Both program and data are stored in RAM. However program is saved into non-volatile memory (either Flash or Eeprom) on save or before run.

Array dataSpace in RAM is used to store both data and program. If we have two constants, say, PROG_SPACE_SIZE and VARS_SPACE_SIZE to describe the amounts of memory for program and data respectively, then dataSpace size equals to their sum.

First part of dataSpace (equaling to VARS_SPACE_SIZE bytes) is for data (variables and arrays).

Memory for variables is organized as cells of size 2 + sizeof(numeric) bytes, so it can hold variable name (two letters) or array name (single letter and array flag) and value (data offset in case of array).

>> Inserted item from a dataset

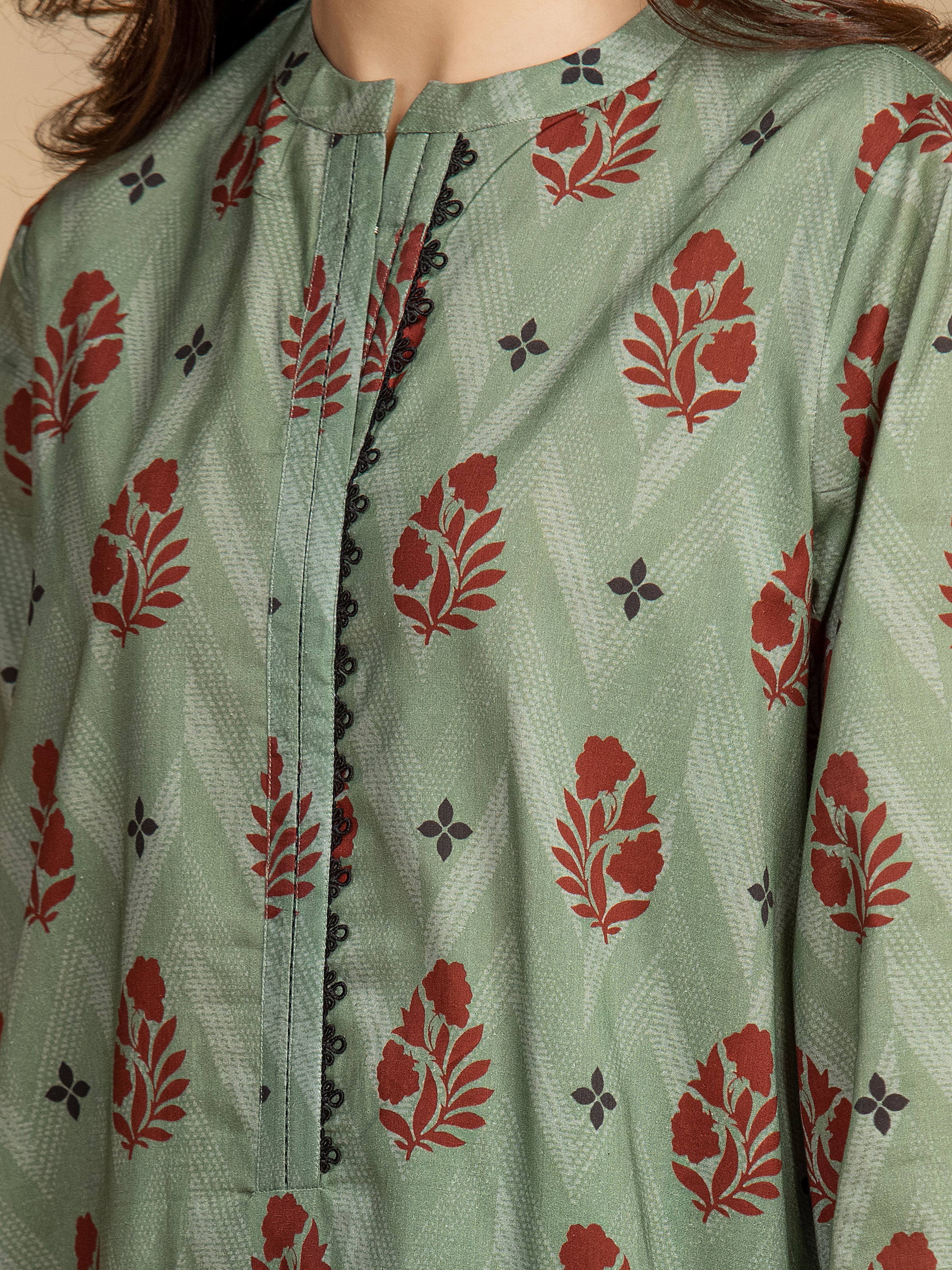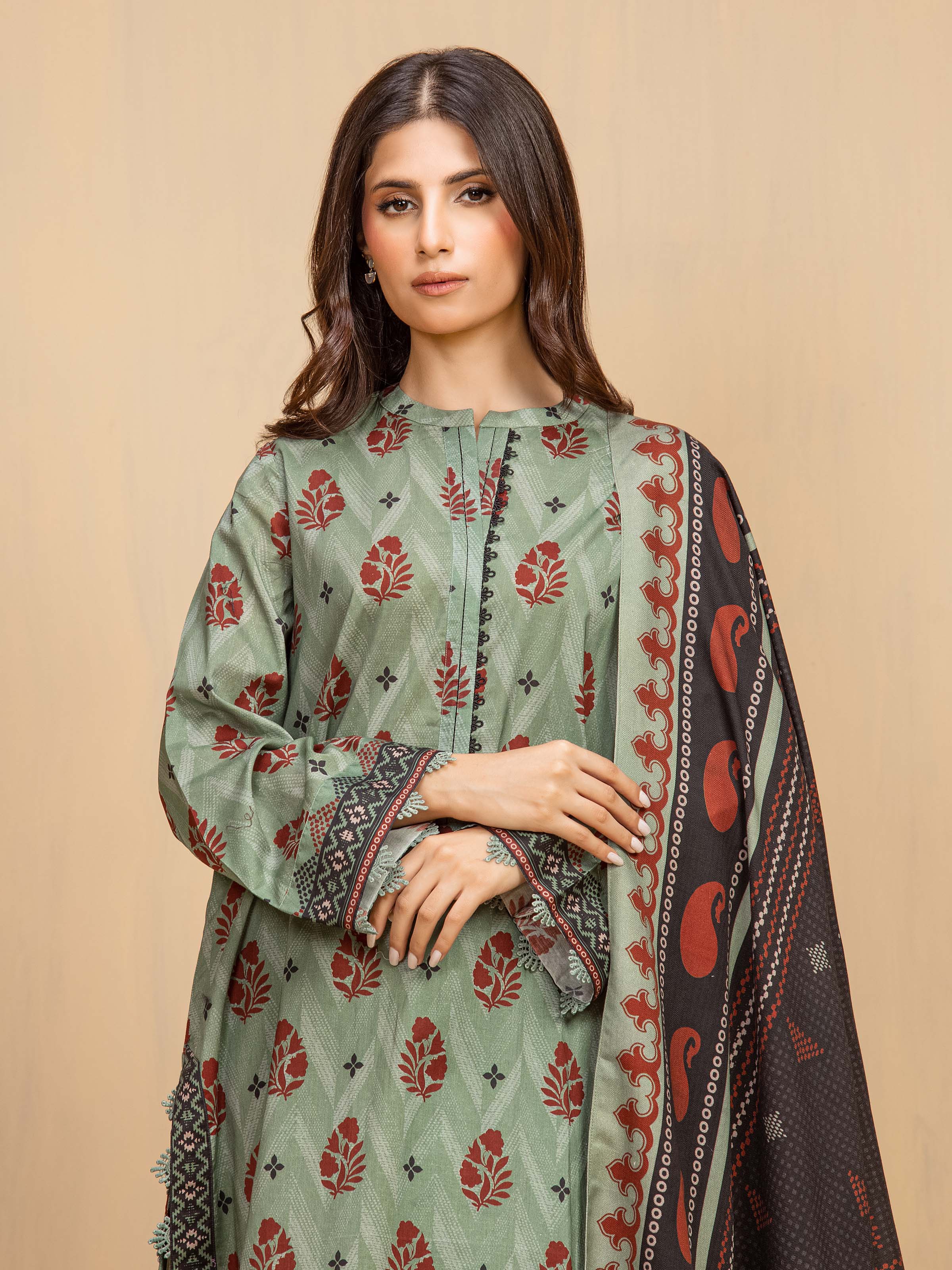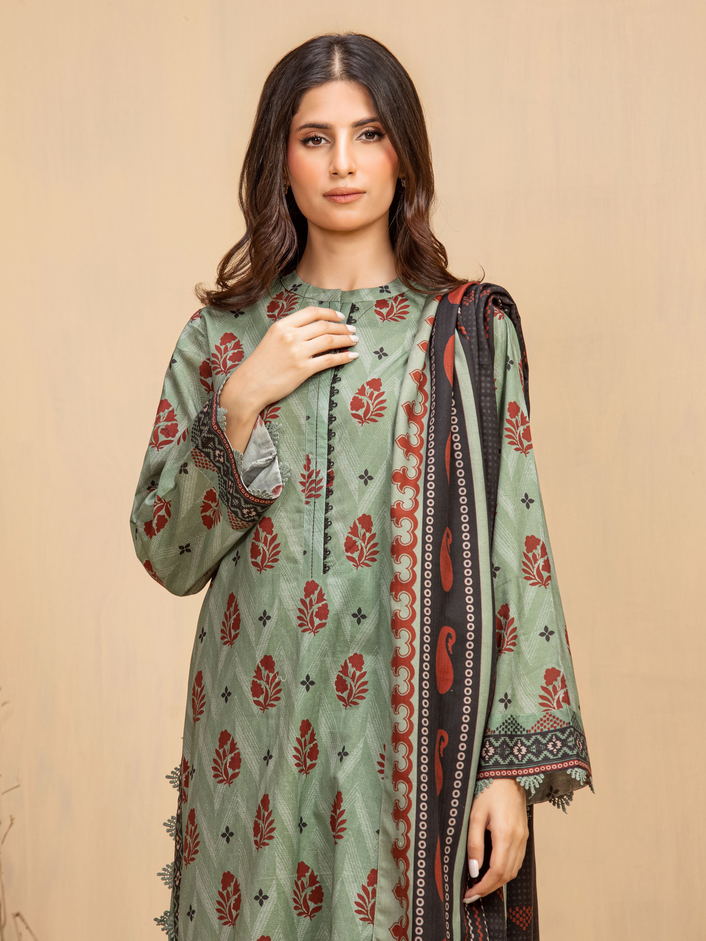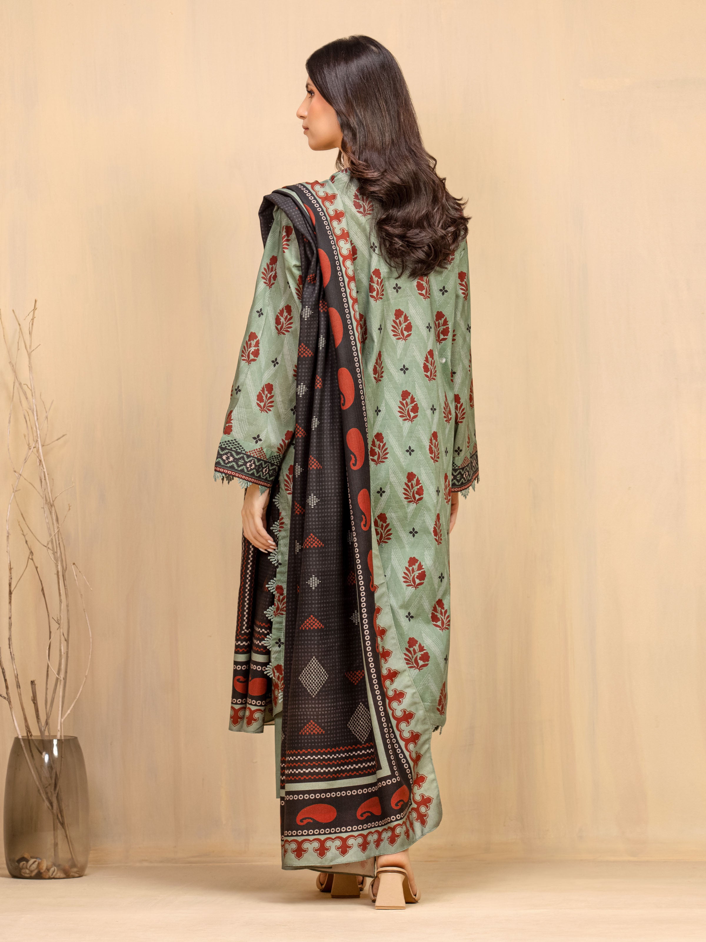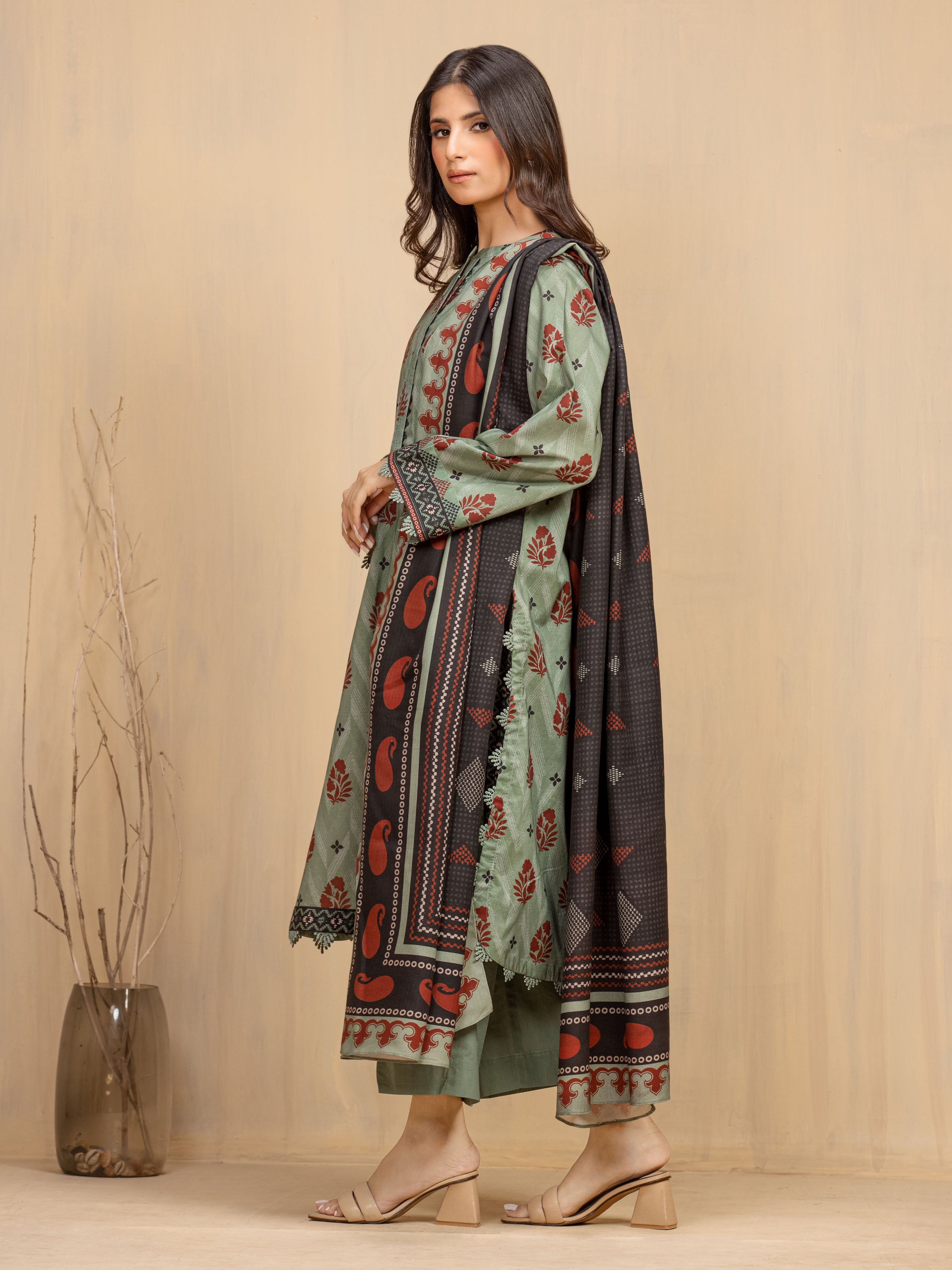 Unstitched Sage Green Printed Khaddar 3 Piece

Array bodies are kept after all declared variables, according to their offsets. When new variable or array is added, new cell is inserted in this space (maintaining alphabetic order of variables), shifting other data as necessary, and array body (if any) is added to the end.

Execution stack resides in the same area as variables, but it grows from end. So it's first cell will be at

dataSpace + VARS_SPACE_SIZE - sizeof(numeric)

And it can collide with variables eventually if not enough free space left :(

Program space resides in the second part (i.e. starting at dataSpace + VARS_SPACE_SIZE). The first two bytes here describe the program length. Further text lines follows, each preceded by two bytes line number.

Line being entered in interfactive mode has its own buffer, with spare space to perform encoding to tokens.